Reliability and scaling: - Probes: liveness, readiness, startup. Use readiness to gate traffic; liveness for self-heal. - HPA (CPU/memory/custom metrics); PDB to protect against voluntary disruptions. - Requests/limits to get proper QoS; avoid CPU throttling and OOMKills. - Node autoscaling (cluster autoscaler); prioritize via PriorityClass and preemption.

Networking and security: - CNI provides pod networking; NetworkPolicies for east-west controls; mTLS via service mesh (Istio/Linkerd). - PodSecurity admission; image scanning; secrets mounted via CSI/KMS.

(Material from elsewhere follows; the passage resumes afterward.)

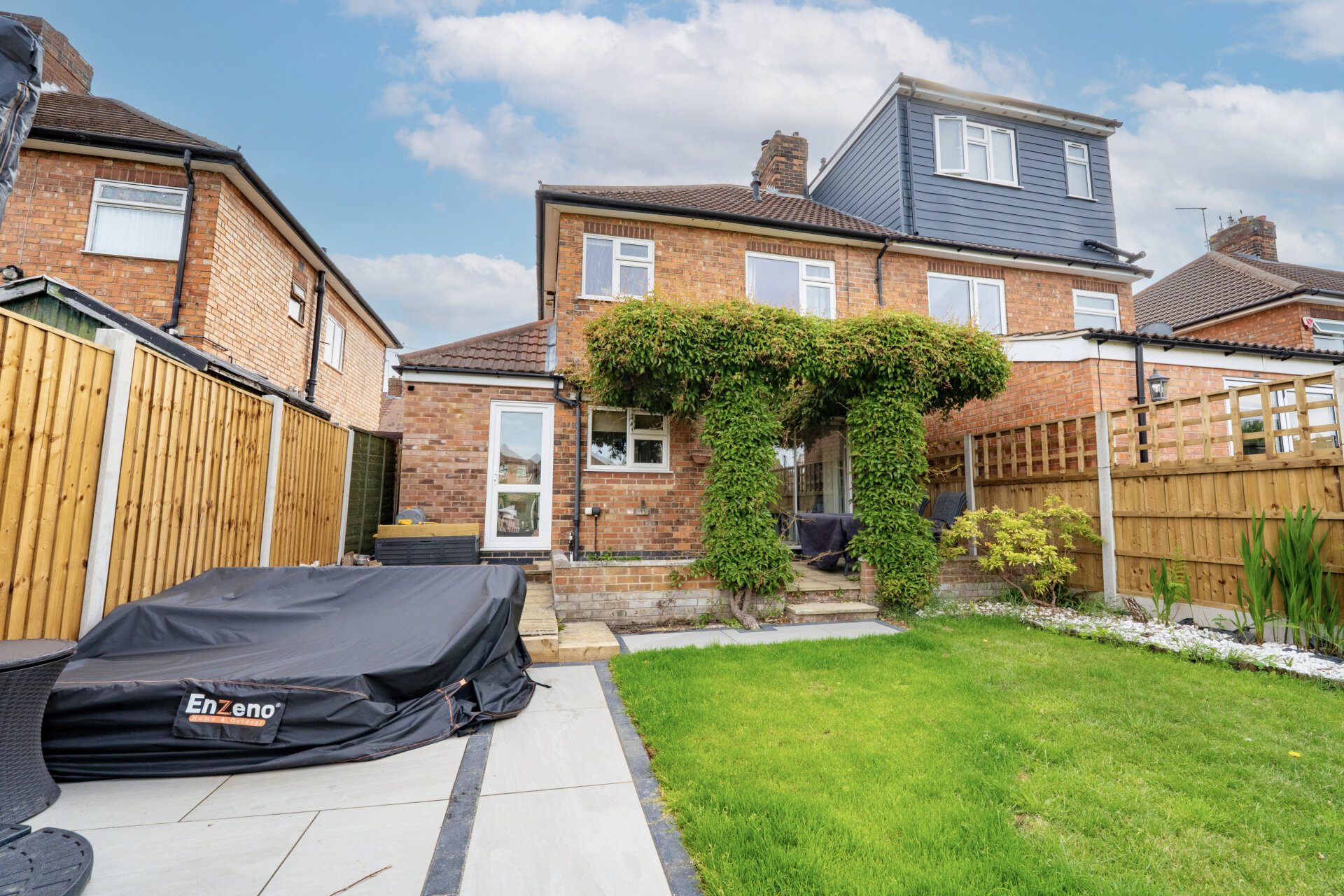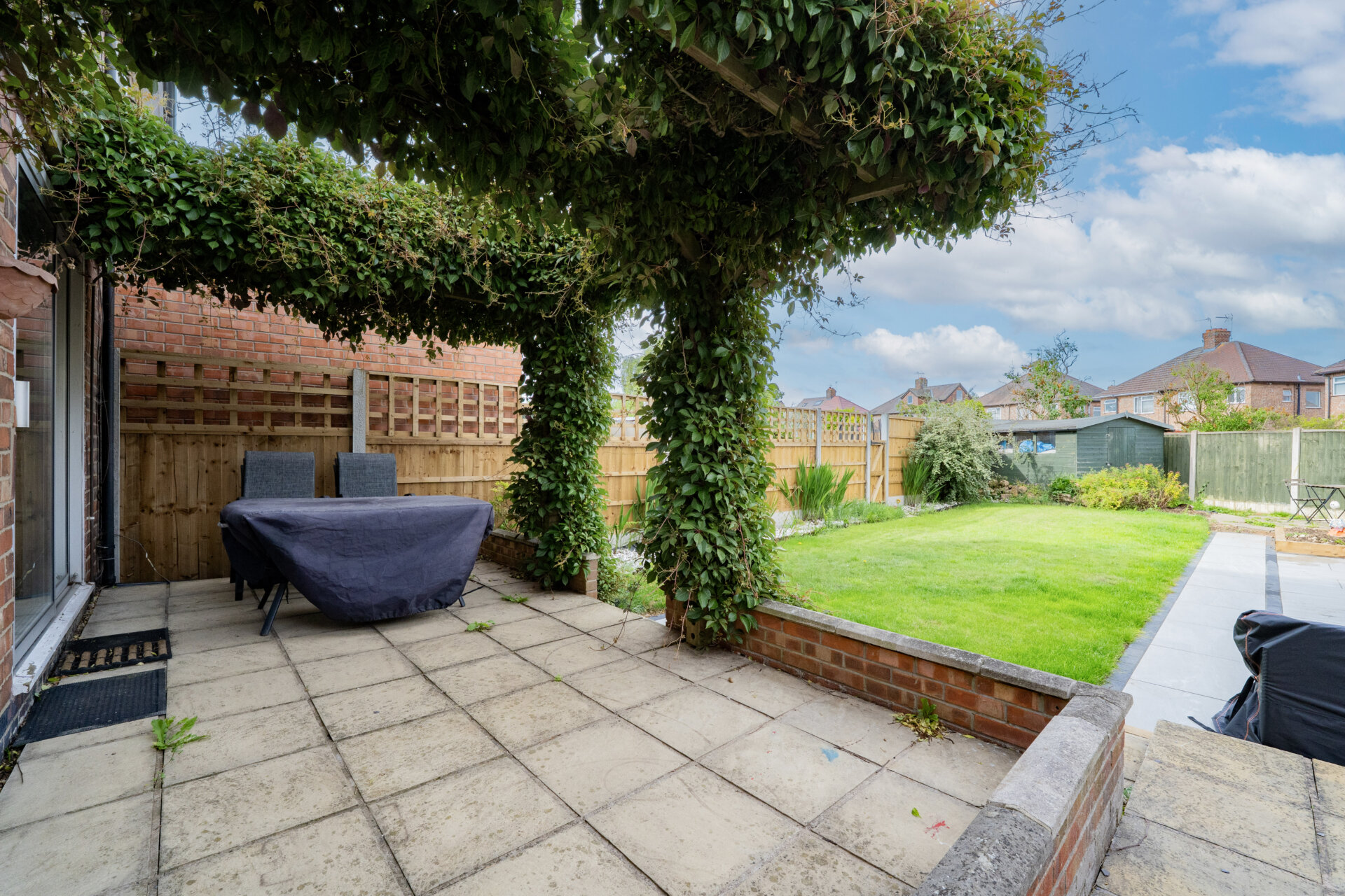 Step outside to discover a delightful outdoor haven, complete with a front driveway providing ample off-road parking. The front area is privately enclosed by a brick wall, offering security and convenience. Towards the rear of the property, a charming patio area awaits, covered by a delightful Pergola - perfect for relaxing or entertaining. Descend the steps to a newly laid Porcelanosa slab area, leading to the rest of the splendid garden. Having a lawn surrounded by gravel borders filled with flourishing shrubs and flowers, this garden provides a serene escape. Additionally, a garden shed at the bottom of the garden provides extra storage space and is equipped with power, adding functionality to this outdoor oasis. This expansive and thoughtfully designed outdoor space offers endless possibilities for outdoor enjoyment and relaxation.

Stateful workloads (e.g., Kafka/ZooKeeper): - Use StatefulSets with PersistentVolumeClaims; set PodDisruptionBudgets and ordered updates. - Headless Service for stable DNS; rack/zone awareness via topology spread constraints.

Rollouts and ops: - RollingUpdate, Blue/Green, Canary (Argo Rollouts/Flagger); set maxSurge/maxUnavailable. - Troubleshooting: kubectl describe/get/logs/exec; common issues: CrashLoopBackOff, ImagePullBackOff, OOMKilled, Evicted. - Observability: metrics-server, Prometheus/Grafana, OpenTelemetry, events; set SLOs per service.

Interview prompts: - Design a multi-tenant K8s platform with resource isolation and network policies. - Deploy Kafka on K8s safely—what would you configure for storage, disruption, and upgrades?


20) Cloud Services Cheat Sheet (AWS, GCP, Azure)

Compute and orchestration: - Containers: AWS EKS, GCP GKE, Azure AKS. - Serverless: AWS Lambda, GCP Cloud Functions/Cloud Run, Azure Functions/Container Apps. - Batch/queues: AWS ECS/Fargate, GCP Cloud Run Jobs, Azure Container Instances.

Storage: - Object: AWS S3, GCP Cloud Storage (GCS), Azure Blob Storage. - Block: AWS EBS, GCP Persistent Disk, Azure Managed Disks. - Files: AWS EFS/FSx, GCP Filestore, Azure Files.

Databases: - Relational: AWS RDS/Aurora, GCP Cloud SQL/AlloyDB, Azure SQL Database. - NoSQL KV/Wide-column: AWS DynamoDB/Keyspaces, GCP Bigtable/Firestore, Azure Cosmos DB (multiple APIs). - Search/Analytics: AWS OpenSearch/Redshift, GCP BigQuery/Dataproc, Azure Synapse/Data Explorer.

Messaging/streaming: - Kafka: AWS MSK/Confluent Cloud, GCP Confluent Cloud, Azure Event Hubs for Kafka API. - Native: AWS Kinesis + SQS/SNS, GCP Pub/Sub, Azure Service Bus/Event Hubs.

Networking and delivery: - LB/Proxy: AWS ALB/NLB, GCP External/Internal LBs, Azure Application Gateway/Front Door. - CDN: AWS CloudFront, GCP Cloud CDN, Azure CDN. - DNS: Route 53, Cloud DNS, Azure DNS. - VPC/VNet, PrivateLink/Private Service Connect/Private Link Service for private connectivity.

Security and identity: - IAM: AWS IAM, GCP IAM, Azure RBAC. - Secrets/KMS: AWS Secrets Manager + KMS, GCP Secret Manager + KMS, Azure Key Vault. - mTLS/service identity: SPIRE, mesh integrations.

Observability: - AWS CloudWatch/X-Ray, GCP Cloud Monitoring/Trace/Logging, Azure Monitor/App Insights. - Managed OpenTelemetry collectors available across clouds.

Data governance and DR: - Cross-region replication (S3/Cloud Storage/Blob); multi-region DB options (DynamoDB Global Tables, Spanner, Cosmos DB). - RTO/RPO planning; backups and point-in-time recovery.

Cost and egress: - Data egress charges between regions/clouds can dominate; colocate consumers with producers; use CDNs to reduce origin egress. - Pick managed services where possible to reduce ops toil; compare SLAs.

Interview prompts: - Design a multi-region read-local/write-global service on AWS—how do you use DynamoDB Global Tables and Route 53?